With the advancement of genomics, predicting and preventing diseases that are preventable will definitely bring a new facet to medical practice. We had illustrated that with the availability of a local genome database, we could predict disease risks in our population using a validated bioinformatics pipeline and the established GWAS and ClinVar database. The pipeline will help strategize experimental research to prioritize studies on the SNPs with predicted functional impact as thousands and millions of SNPs with unknown functions are detected using whole-genome sequencing technologies.

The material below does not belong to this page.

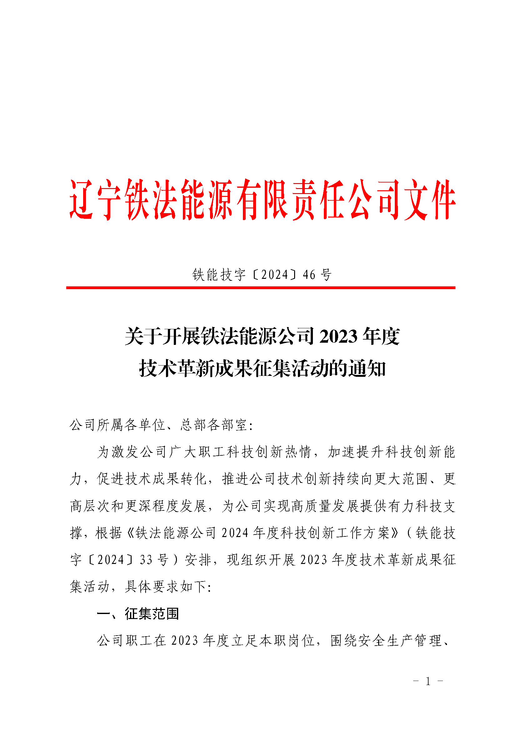 關(guān)于開展鐵法能源公司2023年度技術(shù)革新成果征集活動(dòng)的通知
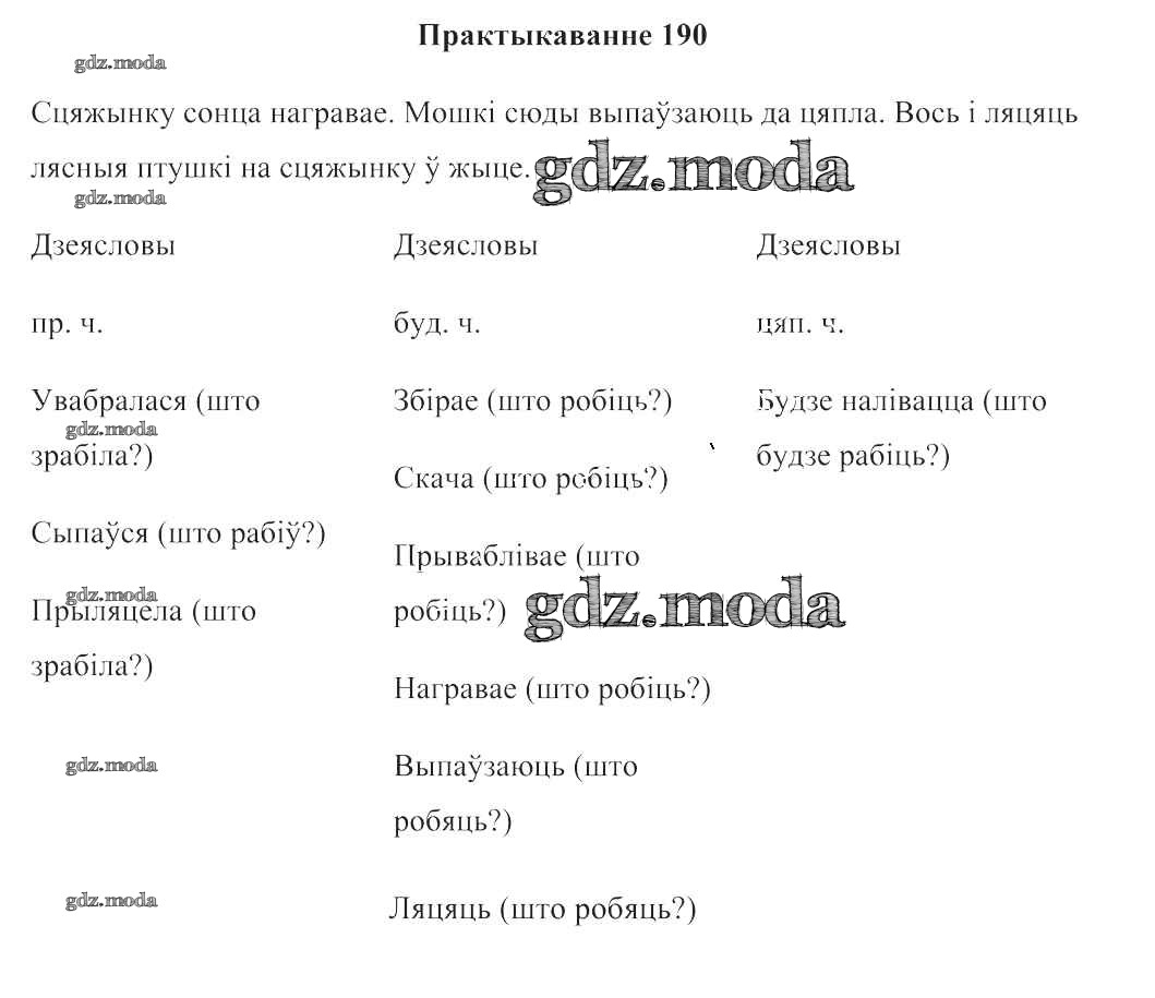 ГДЗ решение к заданию № 190 Беларуская мова 3 клас Свірыдзенка В. I. Национальный институт образования 2017 Часть 1, Часть 2 бесплатно на гдз.мода!

In this study, a bioinformatics pipeline was developed and validated to predict the effects of nsSNPs, rs1126809, rs757978, and rs10936600 on the functional and structural changes on TYR, FARP2, and LRRC34 proteins, respectively. The analysis also provides significant insight into the deleterious effects of these nsSNPs on the protein structures.

These three (3) nsSNPs were predicted to confer high risks of multiple myeloma, chronic lymphocytic leukemia, and basal cell carcinoma or squamous cell carcinoma in the Orang Asli and Malays population. The prediction pipeline developed in this study helps to reduce the number of extensive investigations and wet lab experiments which are required to explain the impacts of these nsSNPs on the structures and functions of these proteins. We intend to analyze further the risks conferred by these SNPs in the cancer patients in the local population.

We believed that a similar approach could be used to develop and validate bioinformatics pipelines in annotating and predicting the functional effects of SNPs related to other diseases. This study also allows us to establish a database of predicted phenotypes based on the new SNPs identified in our population.